ABOUT THIS EXERCISE
With the images excluded, set down every line of the listing below exactly.

MATERIAL PROVIDED
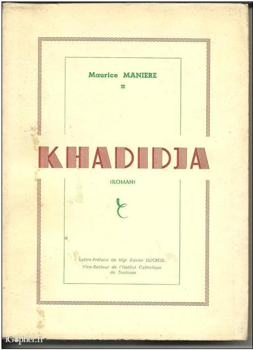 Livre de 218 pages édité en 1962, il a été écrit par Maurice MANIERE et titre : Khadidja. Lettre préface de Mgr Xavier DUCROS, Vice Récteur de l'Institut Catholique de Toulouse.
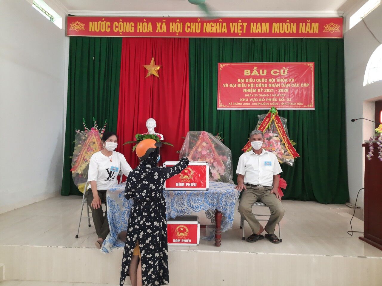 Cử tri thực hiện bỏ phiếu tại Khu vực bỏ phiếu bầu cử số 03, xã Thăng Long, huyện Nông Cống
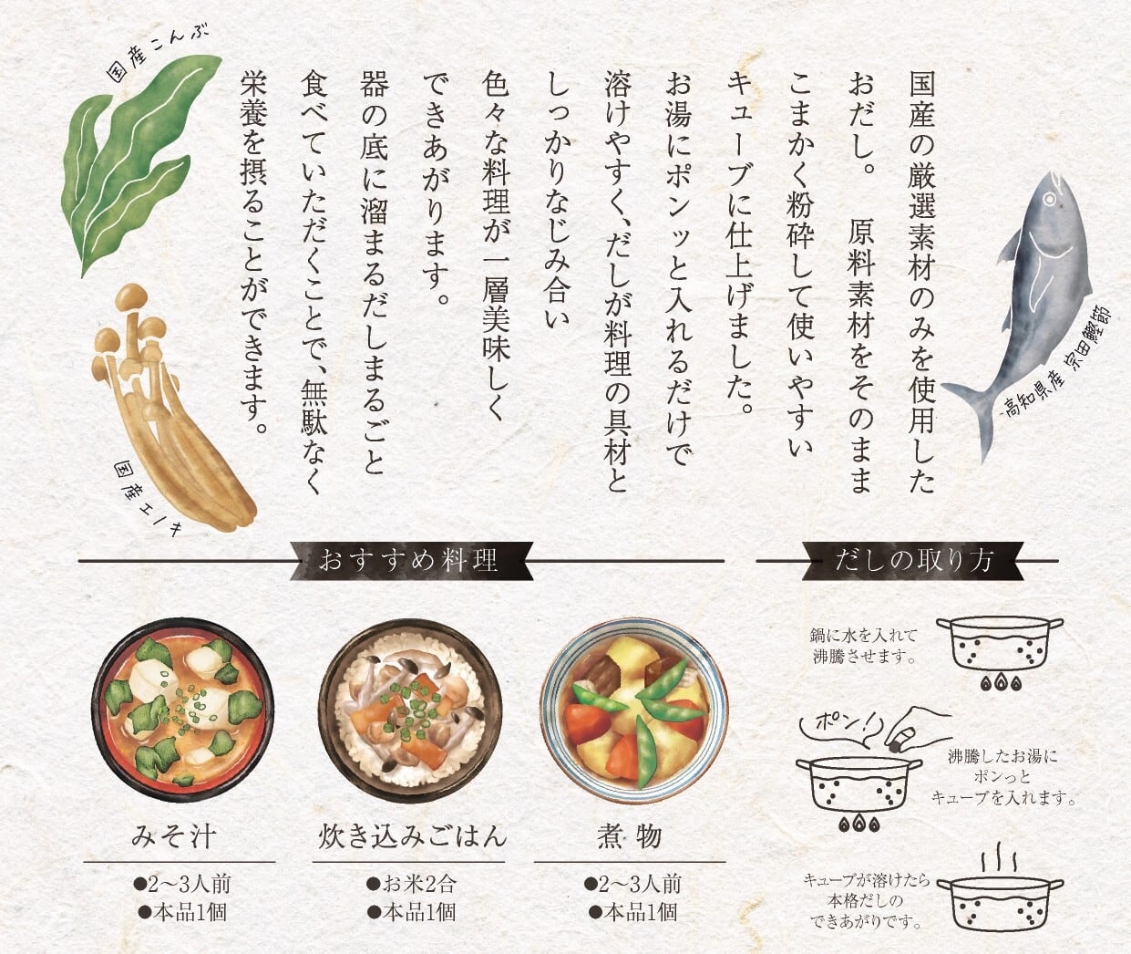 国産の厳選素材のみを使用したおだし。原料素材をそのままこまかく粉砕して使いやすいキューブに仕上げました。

ANSWER TO THE EXERCISE
 Livre de 218 pages édité en 1962, il a été écrit par Maurice MANIERE et titre : Khadidja. Lettre préface de Mgr Xavier DUCROS, Vice Récteur de l'Institut Catholique de Toulouse.
 Cử tri thực hiện bỏ phiếu tại Khu vực bỏ phiếu bầu cử số 03, xã Thăng Long, huyện Nông Cống
 国産の厳選素材のみを使用したおだし。原料素材をそのままこまかく粉砕して使いやすいキューブに仕上げました。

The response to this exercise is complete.